IDENTIFICATION OF THE SIGNIFICANCE OF THE PROBLEM OR OPPORTUNITY
This proposal addresses the need to develop products to assist all participants in health care in assessing and monitoring the quality of care and level of care furnished to patients. Pressures to limit costs and improve quality by standardizing and managing care are coming from insurers, government agencies, health management organizations and payors of all types. Computer software designed to monitor health care data - by searching for instances that do not meet quality standards and, where appropriate, suggesting specific guidelines to be followed - can be a great assistance in achieving these improvements.
Protocols are sets of conditions, actions, and rules that set standards and guidelines for the delivery of health care and health management services. In most small- and medium-sized health care agencies, they exist on paper and are referred to well after the situations they apply to have occurred. They are refined only sporadically. However, when set up and enforced within an organization's primary software management system, protocols have the potential to greatly improve the quality, efficiency and cost effectiveness of health care.
A search of the last five years of medical literature shows an increasing body of references to the feasibility of clinical guidelines and the implementation thereof.
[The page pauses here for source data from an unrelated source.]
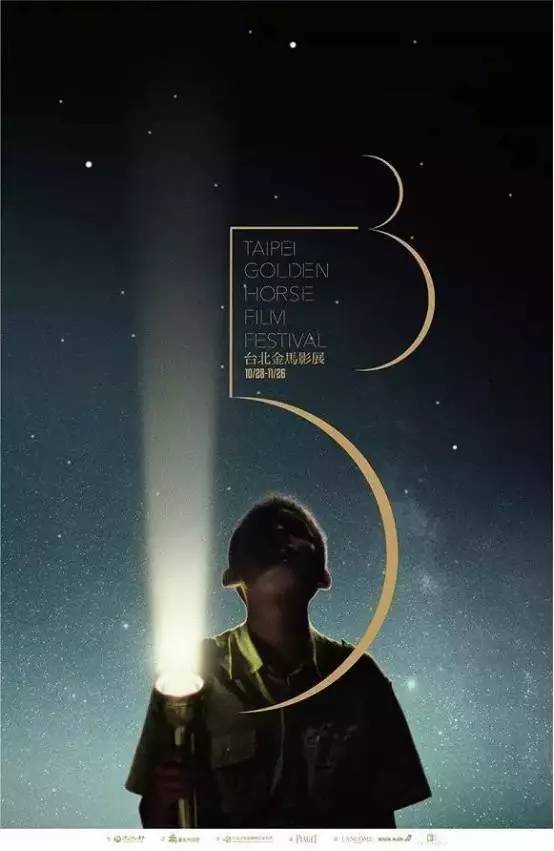 画面中央一个十四岁的小男孩,拿手电筒笔直的照向漆黑的天际,而点点繁星在他身后闪烁,寓意:回看来时,照亮前行。
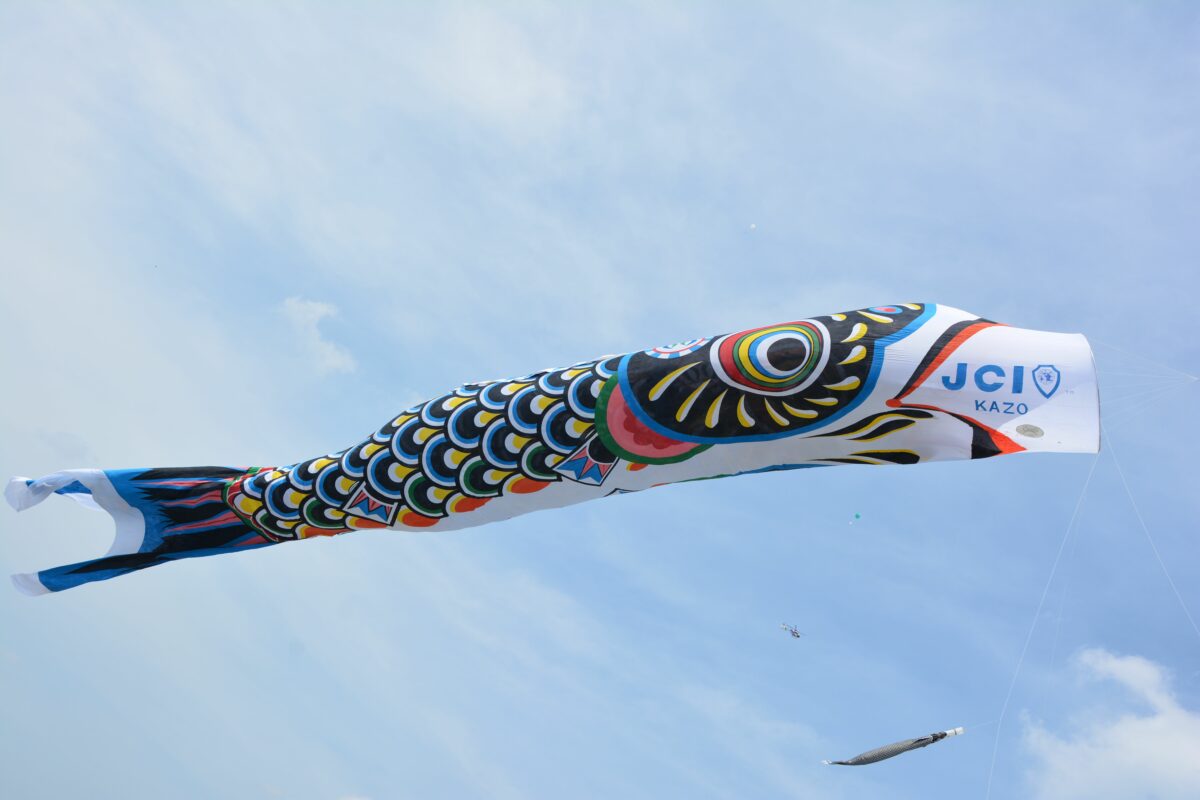 埼玉県北東部の加須市の利根川流域には、水の恵みを活かした田園地帯が広がります。河川敷の緑地公園には遊歩道が整備されており、毎年5月3日には上空を巨大なこいのぼりが遊泳します。「加須市民平和祭」の最大イベントとして、全長100メートルのジャンボこいのぼりが、クレーンで大空に釣り上げられるのです。他にもゴールデンウィーク前後には市内に社殿を構える玉敷神社の境内の藤が花を咲かせ、「加須市騎西藤まつり」が開催されます。神社の神楽殿で春夏秋冬の大祭のときに奉納される「玉敷神社神楽」も極めて興味深いイベントです。
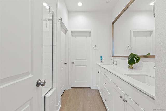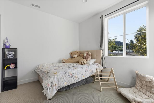 Built in 2020, this modern 4-bedroom home offers a bright, open floor plan with 9’ ceilings and vinyl plank flooring throughout. The spacious kitchen features a large island, granite countertops, stainless steel appliances, and an instant hot-and-cold water tap.Upstairs, the primary suite includes dual sinks, a walk-in closet, and beautiful sunset views. The convenient upstairs laundry room includes built-in storage and a folding counter. A whole-house fan helps keep the home cool while reducing AC use. Energy efficiency shines with included solar, dual-pane vinyl windows, and a Tesla charging station in the attached 2-car garage. Outside, the fenced-in patio is perfect for BBQs, lined with a fully producing passionfruit vine and offering stunning evening sunsets. Located on the outskirts of the community, this home provides extra privacy and ample guest parking right nearby. All of this in a peaceful neighborhood with a low HOA, just 5 minutes to the 52 and 125 freeways and 10 minutes to Costco, Target, Sprouts, Trader Joe’s, and more—within a top-rated school district. Move-in ready, stylish, private, and energy efficient—this home truly has it all.

One critical appraisal of the state of research to date concludes that "strong evidence suggests that CDSSs (Computerized Decision Support Systems) can improve physician performance." This report also indicates that four of six studies regarding the use of computer support to enhance the quality of preventive care showed statistically significant effects on clinician performance, as did seven of nine studies assessing the effect in caring for active medical problems.
If designed and developed correctly protocol software should:
The result is a tool that will be of primary assistance to an organization to assess patterns of service and to continually refine protocols, with the aim of improving the quality and cost effectiveness of care.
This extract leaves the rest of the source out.